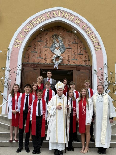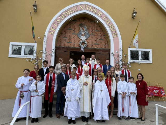 Tik įėjus į bažnyčią sekmadienį, balandžio 12-tą, pasijuto Šventosios Dvasios dvelksmas visoje erdvėje ir maldininkų veiduose. Visi atsisuko į didžiąsias duris, pro kurias įėjo Sutvirtinimo kandidatų, patarnautojų, klebono Tomo ir Jo Ekselencijos Bishop Matthew Elshoff procesija. Pasipuošę raudonom stulom, ties altoriumi rimtai žengė: Vida Rukšėnaitė, Paulius Anelauskas, Nojus Karčiauskas, Dominykas Jonušonis, Jonas Petrušis, Aistė Rukšėnaitė, Benas Borvainas, Aleksija Marshall ir Tadas Pakuckas.
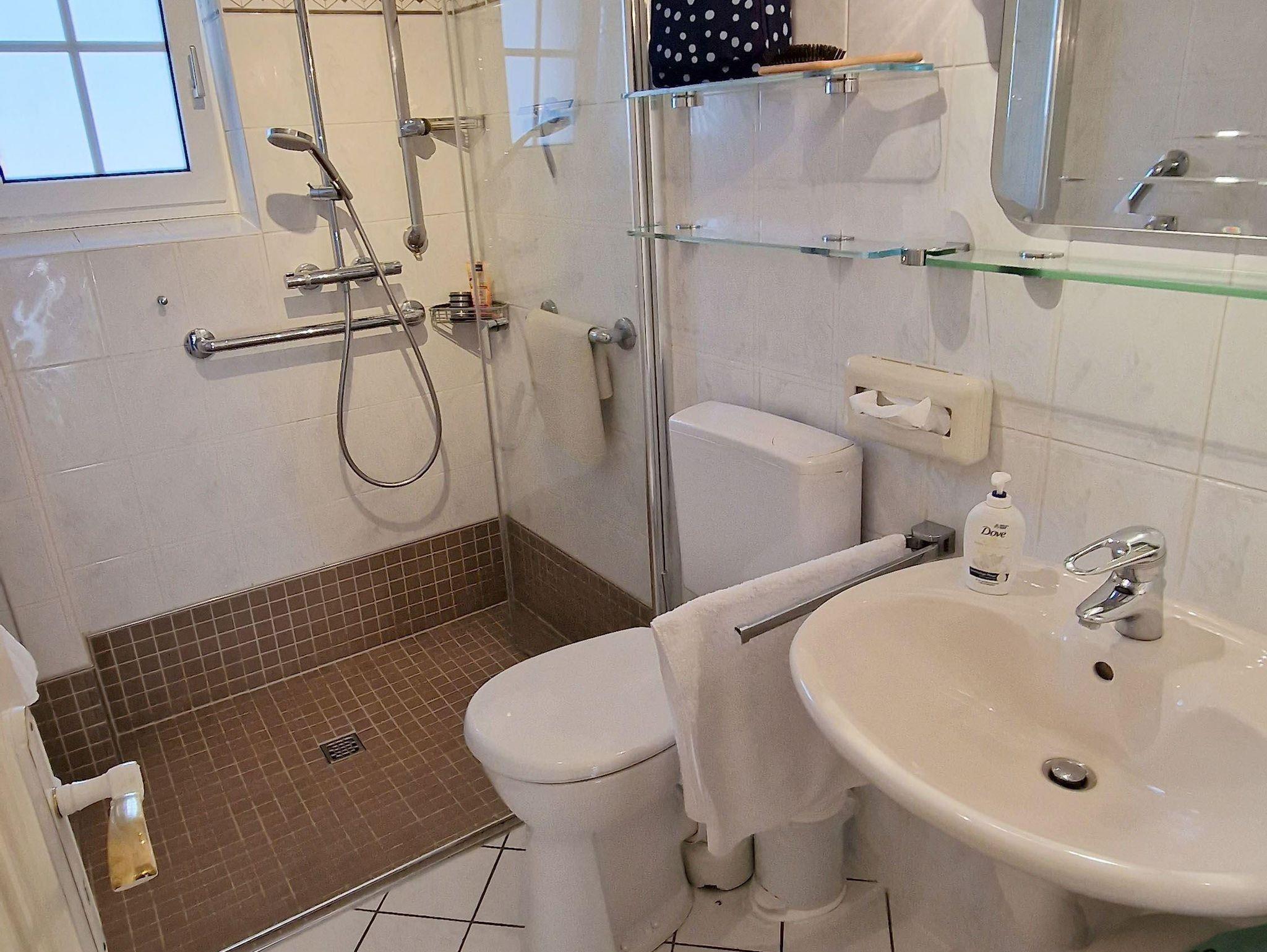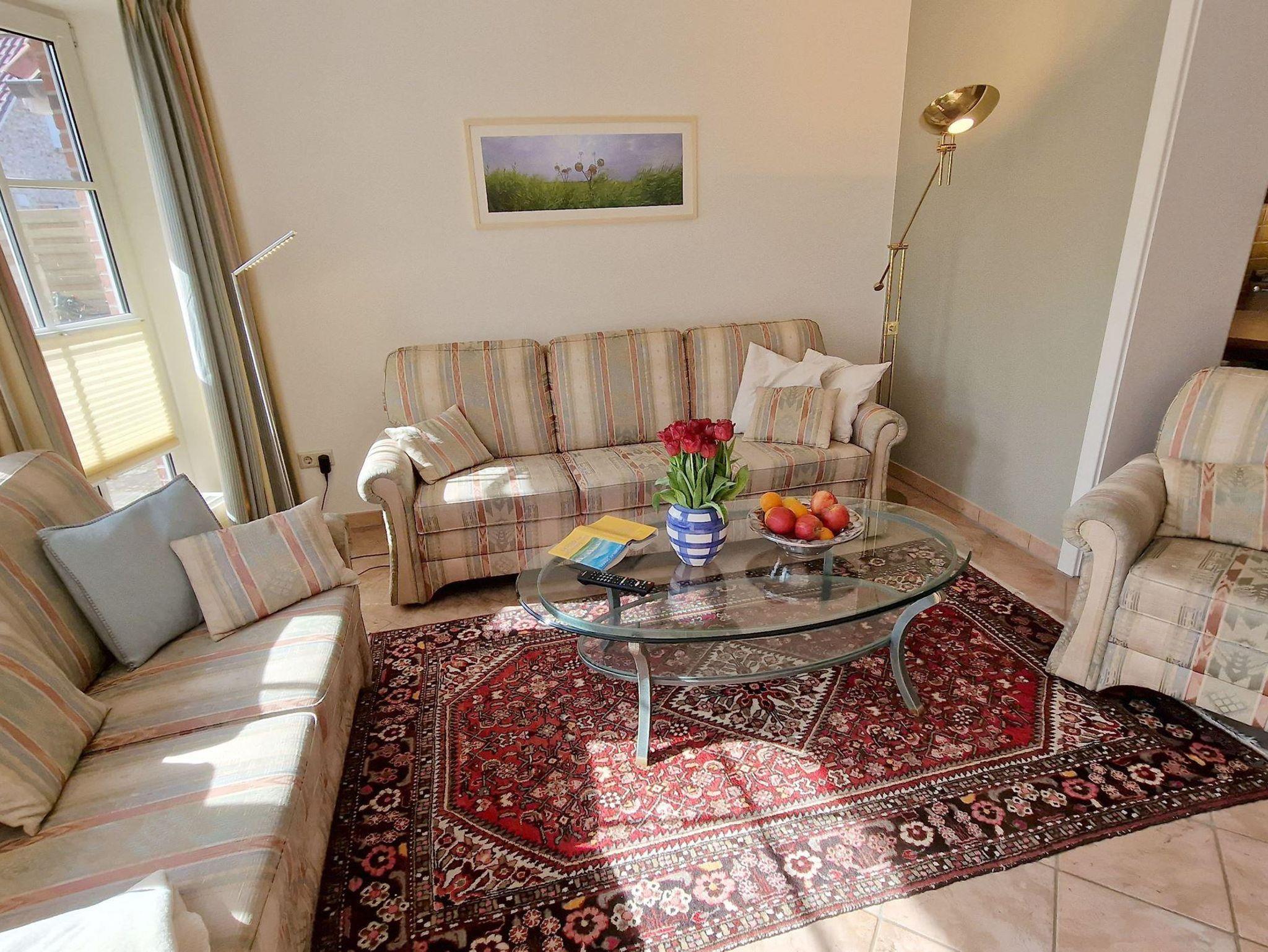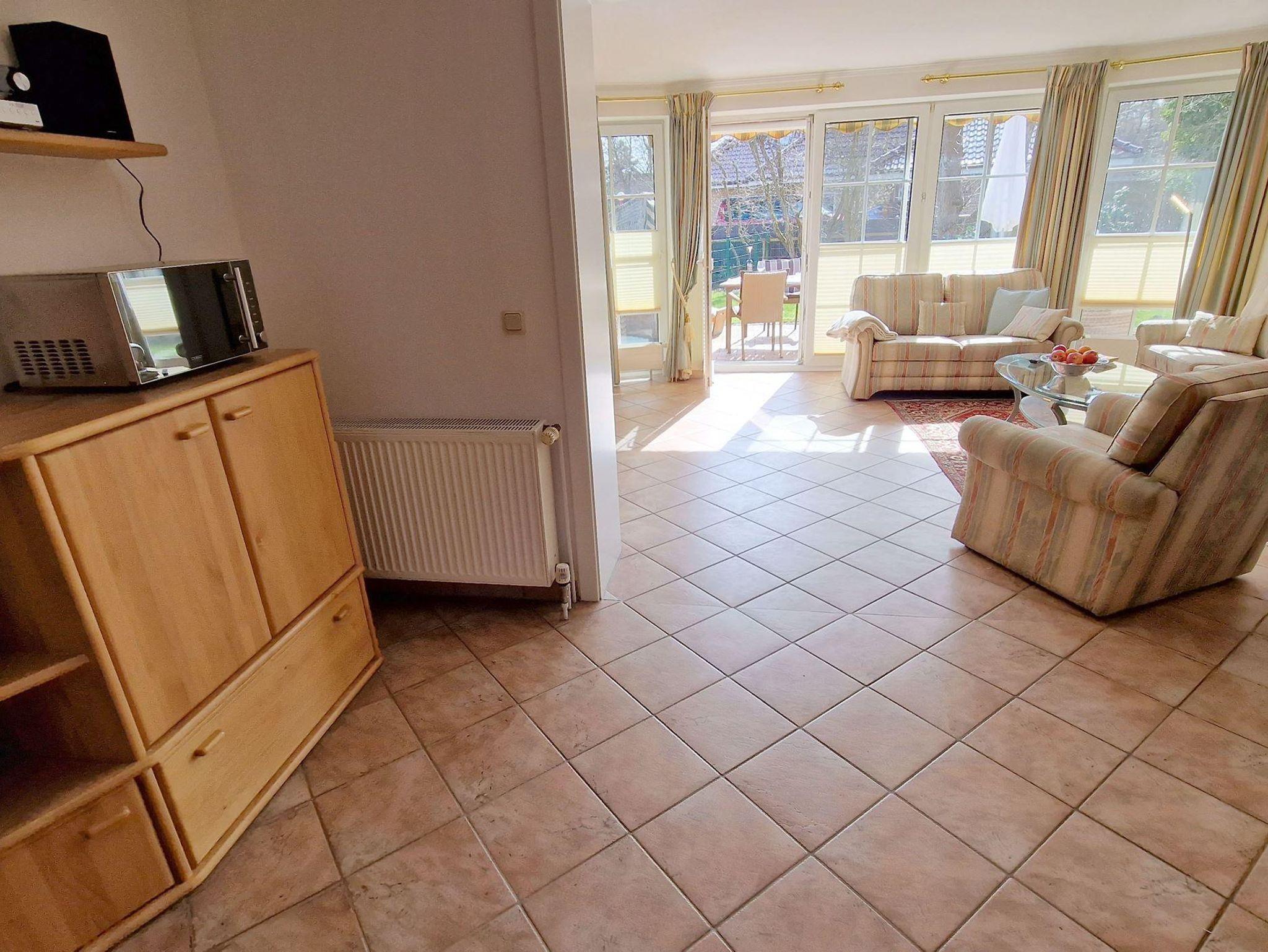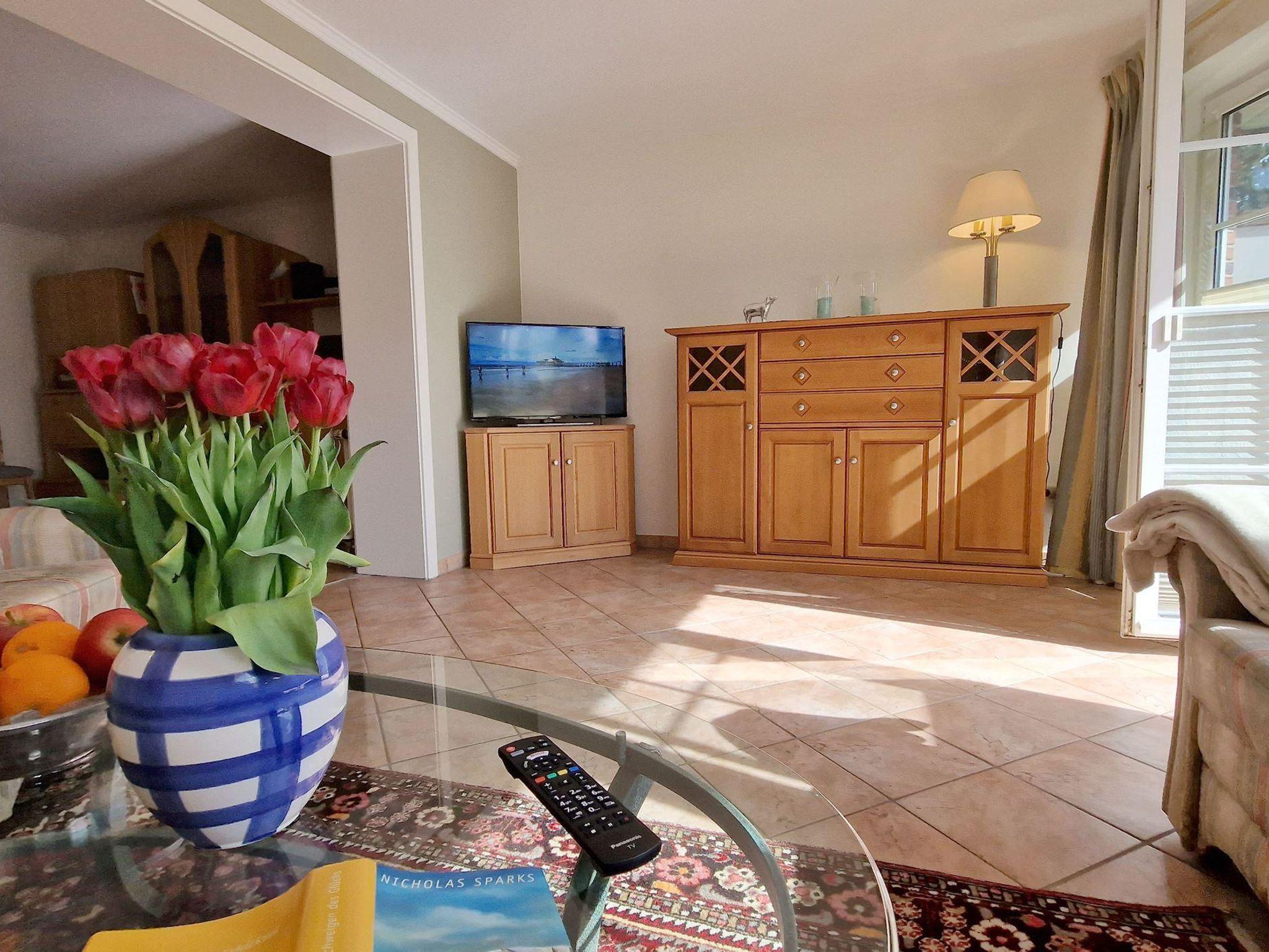 Die geräumige und hochwertig ausgestattete 3- Zimmer-Wohnung (ca. 77m² ) befindet sich im Erdgeschoß und besitzt ein hohes Maß an Funktionalität. Das lichtdurchflutete und sehr hochwertige Wohn-/ Esszimmer verfügt über eine separate Sitzgruppe mit bequemer Couch. Die offene Küche beinhaltet eine voll ausgestattete Einbauküchenzeile. Eines der Schlafzimmer ist mit einem Doppelbett ausgestattet, das andere verfügt über zwei Einzelbetten. Das elegante Badezimmer verfügt über eine geräumige Dusche mit nahezu ebenerdigem Einstieg und Echtglastüren. Vom Wohn-Esszimmer haben Sie direkten Zugang zur großen sonnigen Terrasse mit Gartenmöbeln, Sonnenschirm, Strandkorb und Markise. Ihr Auto können Sie kostenfrei auf einem zu Ihrer Wohnung gehörendem Carport-Stellplätzen ( max. für 2 Pkw´s ) am Haus parken. Der Clou beim dem Grundstück ist, dass Ihr Vierbeiner nicht weglaufen kann, da der Garten komplett eingezäunt ist. Ihre Fahrräder können in einem abgeschlossenem Fahrradschuppen untergestellt werden.
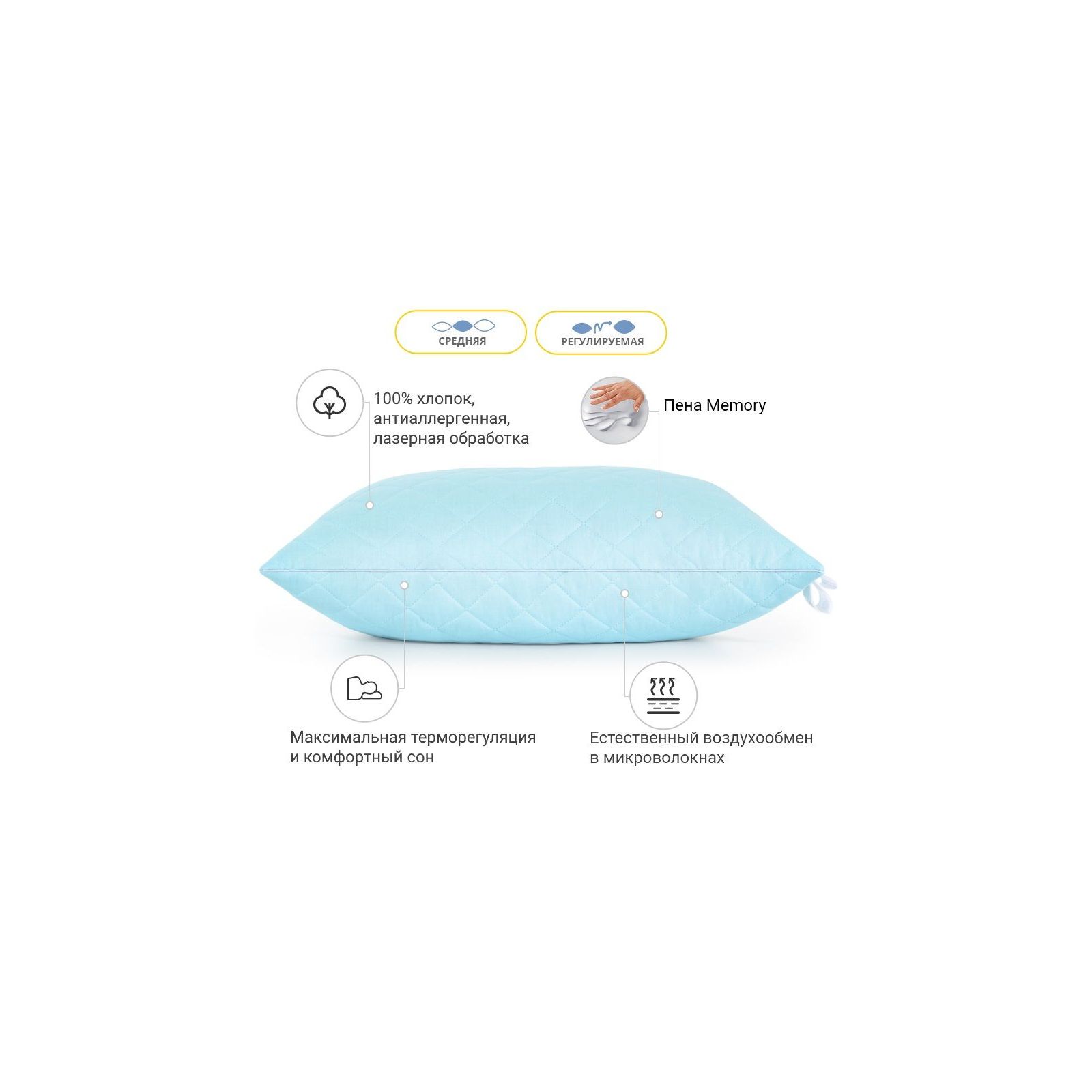 • Наповнювач 50% Піна Memory, 50% EcoSilk
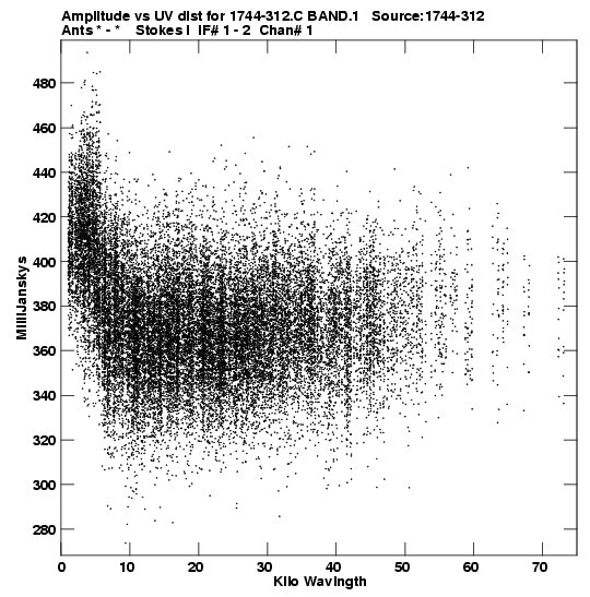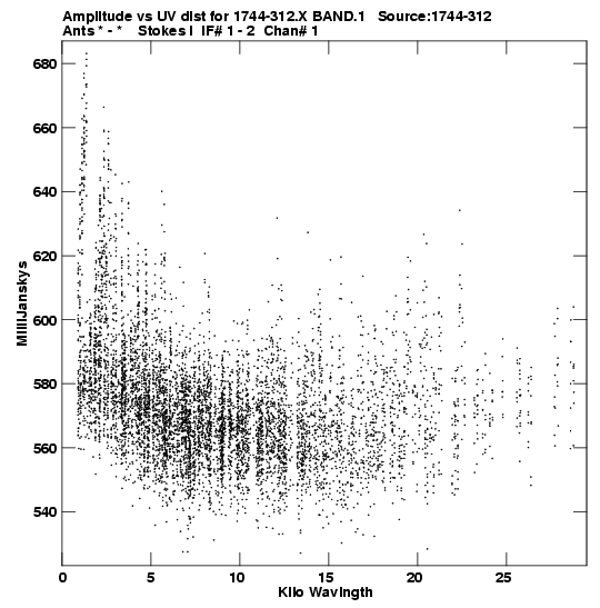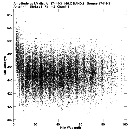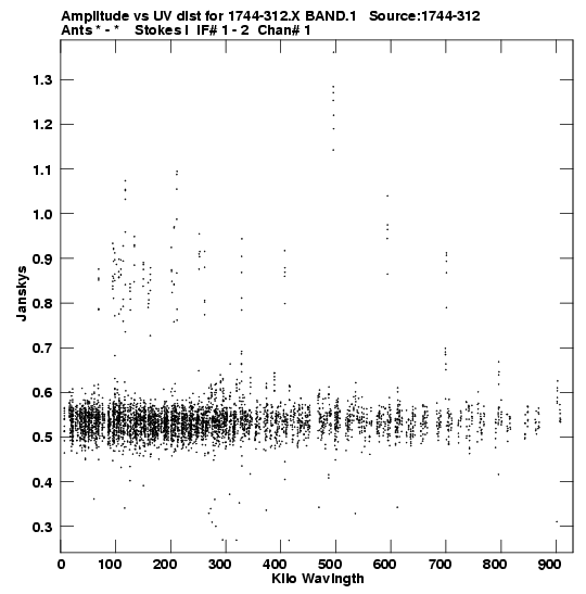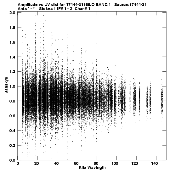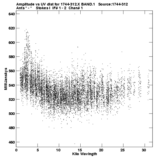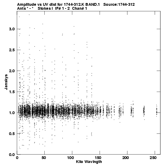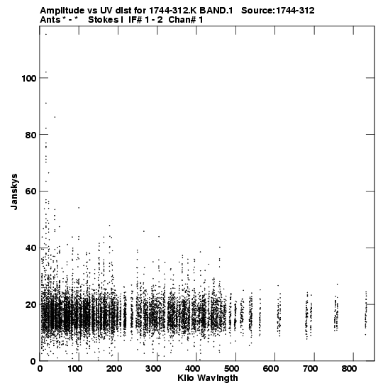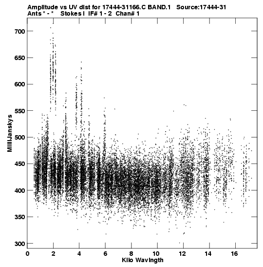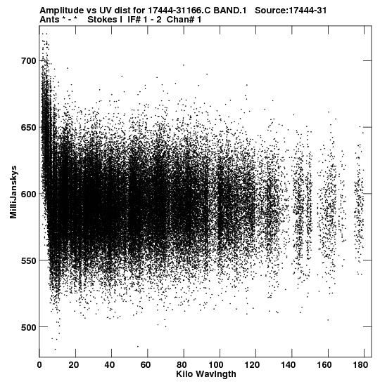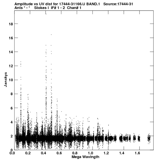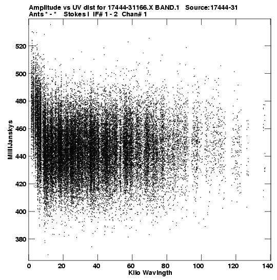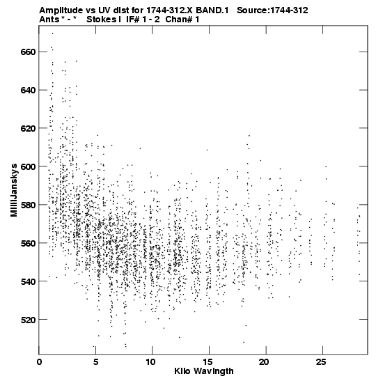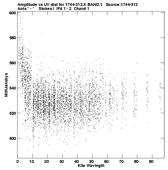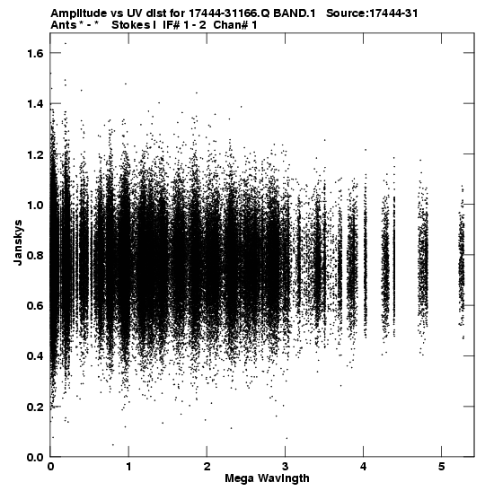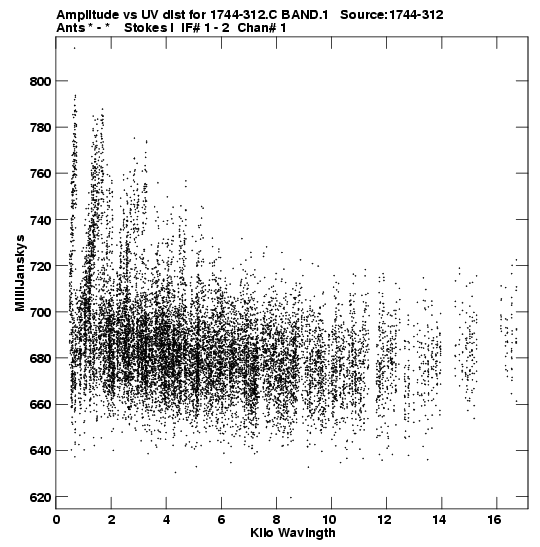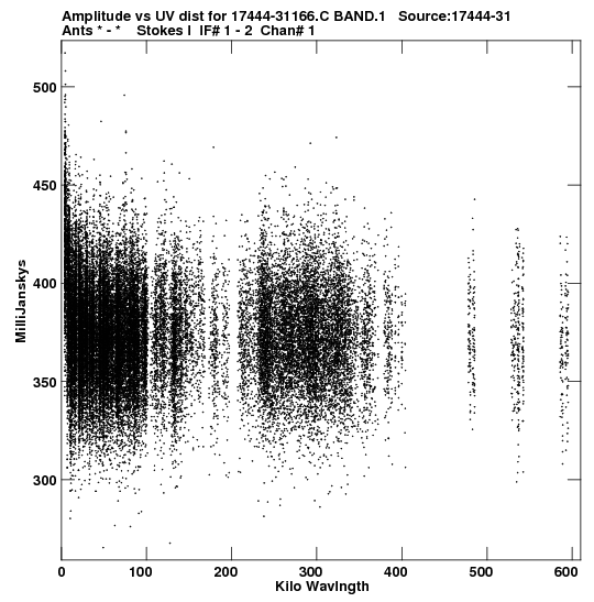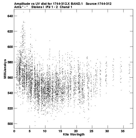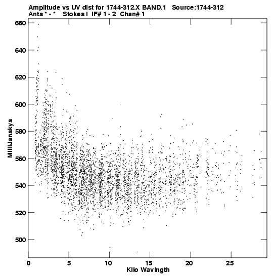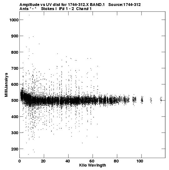 • Links is a collection of links that will show you the GIF uv-coverage and visibility plot for this data set in pop-up windows. See the README file on how to interpret these plots. They'll also get you to the project pipelining scripts and information log files as well as the full multi-source archive data on this project.

Task item:
Copy every line of the data exactly as written, excluding the pictures.

Task result:
 Tik įėjus į bažnyčią sekmadienį, balandžio 12-tą, pasijuto Šventosios Dvasios dvelksmas visoje erdvėje ir maldininkų veiduose. Visi atsisuko į didžiąsias duris, pro kurias įėjo Sutvirtinimo kandidatų, patarnautojų, klebono Tomo ir Jo Ekselencijos Bishop Matthew Elshoff procesija. Pasipuošę raudonom stulom, ties altoriumi rimtai žengė: Vida Rukšėnaitė, Paulius Anelauskas, Nojus Karčiauskas, Dominykas Jonušonis, Jonas Petrušis, Aistė Rukšėnaitė, Benas Borvainas, Aleksija Marshall ir Tadas Pakuckas.
 Die geräumige und hochwertig ausgestattete 3- Zimmer-Wohnung (ca. 77m² ) befindet sich im Erdgeschoß und besitzt ein hohes Maß an Funktionalität. Das lichtdurchflutete und sehr hochwertige Wohn-/ Esszimmer verfügt über eine separate Sitzgruppe mit bequemer Couch. Die offene Küche beinhaltet eine voll ausgestattete Einbauküchenzeile. Eines der Schlafzimmer ist mit einem Doppelbett ausgestattet, das andere verfügt über zwei Einzelbetten. Das elegante Badezimmer verfügt über eine geräumige Dusche mit nahezu ebenerdigem Einstieg und Echtglastüren. Vom Wohn-Esszimmer haben Sie direkten Zugang zur großen sonnigen Terrasse mit Gartenmöbeln, Sonnenschirm, Strandkorb und Markise. Ihr Auto können Sie kostenfrei auf einem zu Ihrer Wohnung gehörendem Carport-Stellplätzen ( max. für 2 Pkw´s ) am Haus parken. Der Clou beim dem Grundstück ist, dass Ihr Vierbeiner nicht weglaufen kann, da der Garten komplett eingezäunt ist. Ihre Fahrräder können in einem abgeschlossenem Fahrradschuppen untergestellt werden.
 • Наповнювач 50% Піна Memory, 50% EcoSilk
 • Links is a collection of links that will show you the GIF uv-coverage and visibility plot for this data set in pop-up windows. See the README file on how to interpret these plots. They'll also get you to the project pipelining scripts and information log files as well as the full multi-source archive data on this project.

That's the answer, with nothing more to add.